Signs of stress in commercial property
- Matt Phillips, author of Axios Markets


Stress is growing in the commercial property market.
Why it matters: Everyone is watching commercial property, given how reliant it is on some of the same regional banks that have been under pressure since the collapse of Silicon Valley Bank.
Driving the news: One indicator comes from the market for bonds built out of commercial mortgages, known as commercial mortgage-backed securities (CMBS).
How it works: Prices for CMBS — some of which are backed by office buildings that much emptier they used to be — have plunged recently, as investors have started to see them as riskier bets.
- That pushes up CMBS yields (yields move in the opposite direction of their price).
- As those yields rose, the difference between those and yields on super-safe U.S. government bonds has surged.
- That difference is sometimes referred to as a "risk premium," or a "spread."
Be smart: When spreads go up — traders usually say "widen" or "blow out" — it means trading activity is declining, credit is harder to come by and expensive, and the flow of capital through the economy, or in this case the commercial property sector, is starting to slow.
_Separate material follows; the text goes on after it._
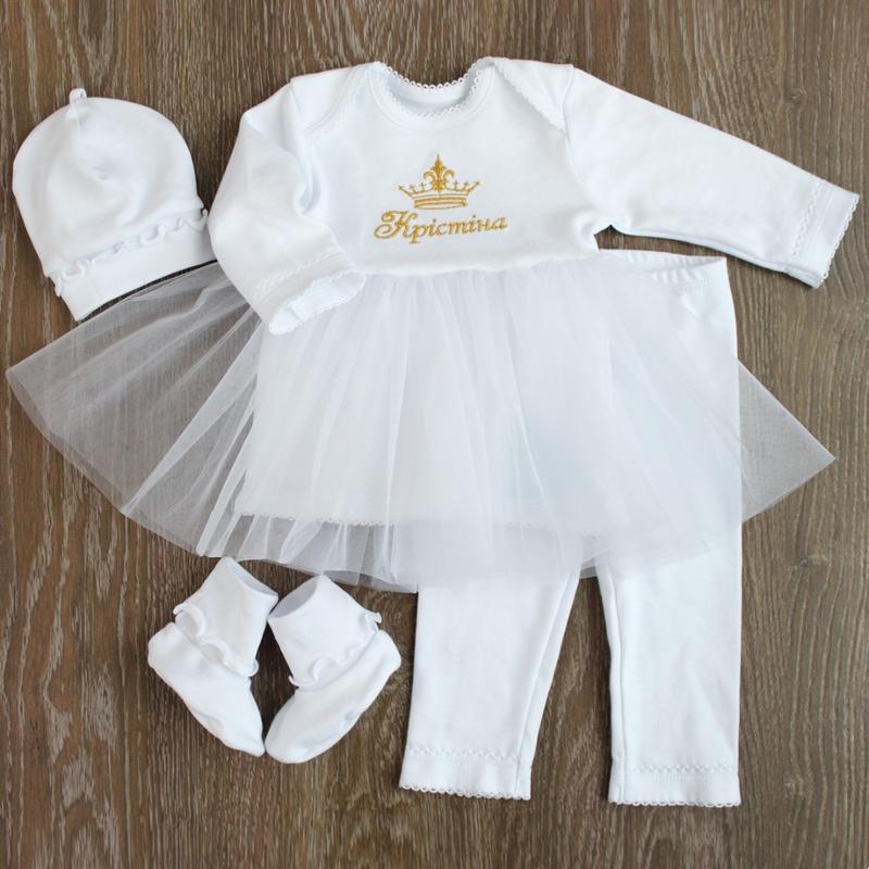 Комплект для хрещення дівчинки з вишитим іменем, білий від 850 грн

- When spreads really go nuts, as they did early in the COVID crisis and during the financial crisis in 2008, it's the equivalent of a financial heart attack. Sometimes called a "credit crunch," it's when capital stops flowing, and the economy suffers.
The bottom line: These spreads are telling us that worries about the commercial property market are getting more serious.
- "The direction of travel is concerning," wrote analysts with Capital Economics in a note on Wednesday. "We believe there are risks of a credit crunch developing and spreads widening further."